I hope you found this text earlier than you started your project. My hope is that reading through it, I can spare you some of the pain that we went through. Probably, I won’t but at least you can prepare mentally. Or you are wise and beginning to think of another project.
If not, in this part of the “lessons learned from two orders of magnitude” -series of posts, I will share with you four lessons issues regarding embedded developing, loosely following a presentation that I gave at the Hasso-Plattner-Institute (HPI) in 2023:
´Lesson #1: Anything will break
What is your expectation if you buy an electronics product from a vendor? Exactly – it works! Throughout the last 50 years, the microelectronics industry and the software industry grew from a small industry to be one of the main drivers of economic growth. Its products are not used anymore by a small group of nerdy enthusiasts but by nearly everybody who lives on the planet Earth. Thus, the days of blue-screens, fixing networking problems at LAN parties and hanging internet connections (except on trains in Germany and in the Berlin metropolitan area) are long forgotten, since the products had to become very reliable to be used by a large non-tech savvy audience.
Once you go from customer electronics, to embedded electronics, it’s important to forget about the mostly nice user-experience that we enjoy with our gadgets. If you buy an embedded product, even from a seemingly notable company, it is safe to assume that some of its features will not work, sometimes probably the features that you need most – like a reliable on- and off switch.
In the realm of embedded electronics, it feels like we are a bit back to the era of Windows 3.11 and Linux 0.99, where basically you can expect anything to happen at any time for no obvious reasons.

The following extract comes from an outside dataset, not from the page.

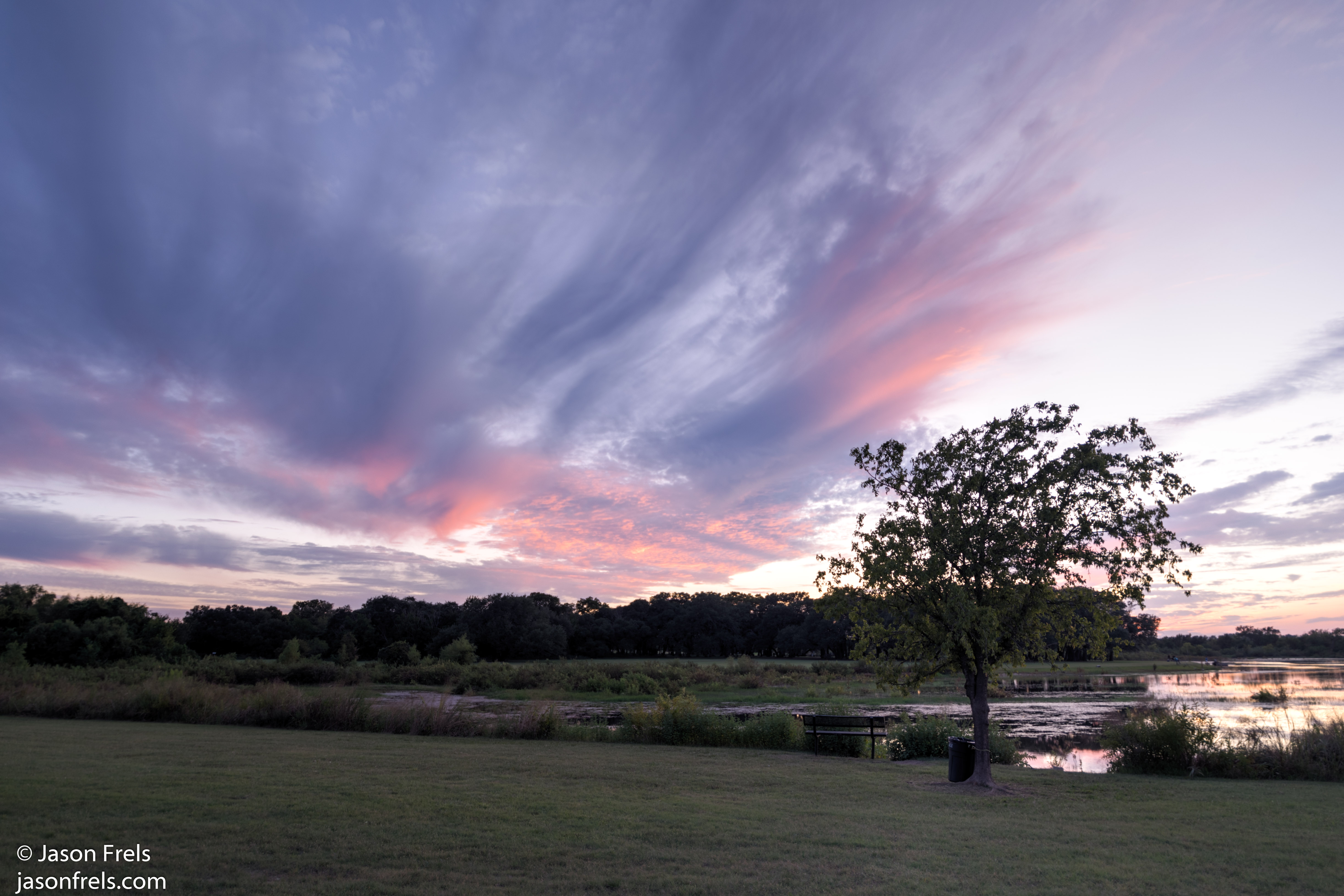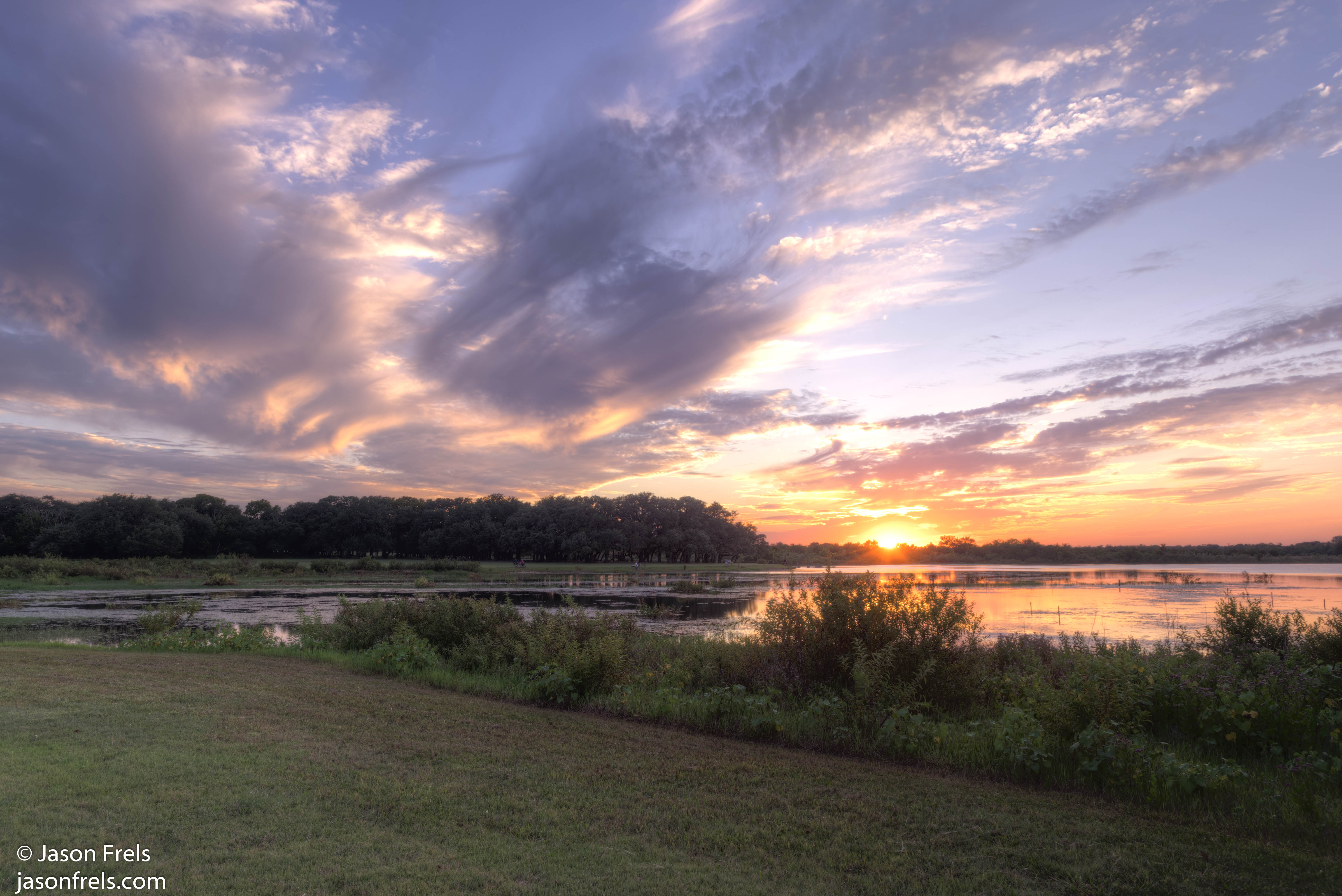 I noticed these purple flowers and got down kind of low to try to get them in the shot with the sunset. Turned out OK with the reflections in the pond, I think. As a bonus, I also got bit by a few dozen mosquitos while standing here.DSC_0027_28_29_30_31-2

Maybe you are reading this article because you are so pissed and disillusioned by your embedded prototype that procrastination and mind idling is the only thing that is possible right now. Maybe you are also asking yourself why it has to be that way? Why can’t they make nicer products like in the case of customer electronics?
I believe the reasons for this is “economy of scale”. Economy of scale is what pushed the massive investments into the customer electronics industry that were necessary to finance intense research and development (R&D) as well as quality assurance (QA) responsible for the high quality of products that we are used to today.
In contrast the market volume for embedded devices is much lower and the sales numbers for each product are sufficiently smaller. Take two examples: NVIDIA sells many more GPUs in the video games and data center sector than Jetsons. Sony sells more imaging sensors for consumer electronics or into the automotive industry, than to standalone industrial automation applications.
Thus, in the embedded sector we are lacking the necessary investment to bring the products to the same standard as in consumer electronics. Fixing the magnitude of issues of a product that is similarly complex but sells in much smaller quantities just doesn’t pay off.
I think what happens on top is that in embedded electronics, we CAN dig much deeper (as the systems are more open) and DO dig much deeper (as we use the systems as professional users, not as consumers). Thus, we discover more issues. If we had a similar approach towards our smartphones, probably there we would find significantly more issues as well.
Lesson #2: Customer Support does not exist in the “embedded dictionary”
An unfortunate side-effect of the two issues described in the section above is the seemingly non-existent customer support in the embedded electronics world.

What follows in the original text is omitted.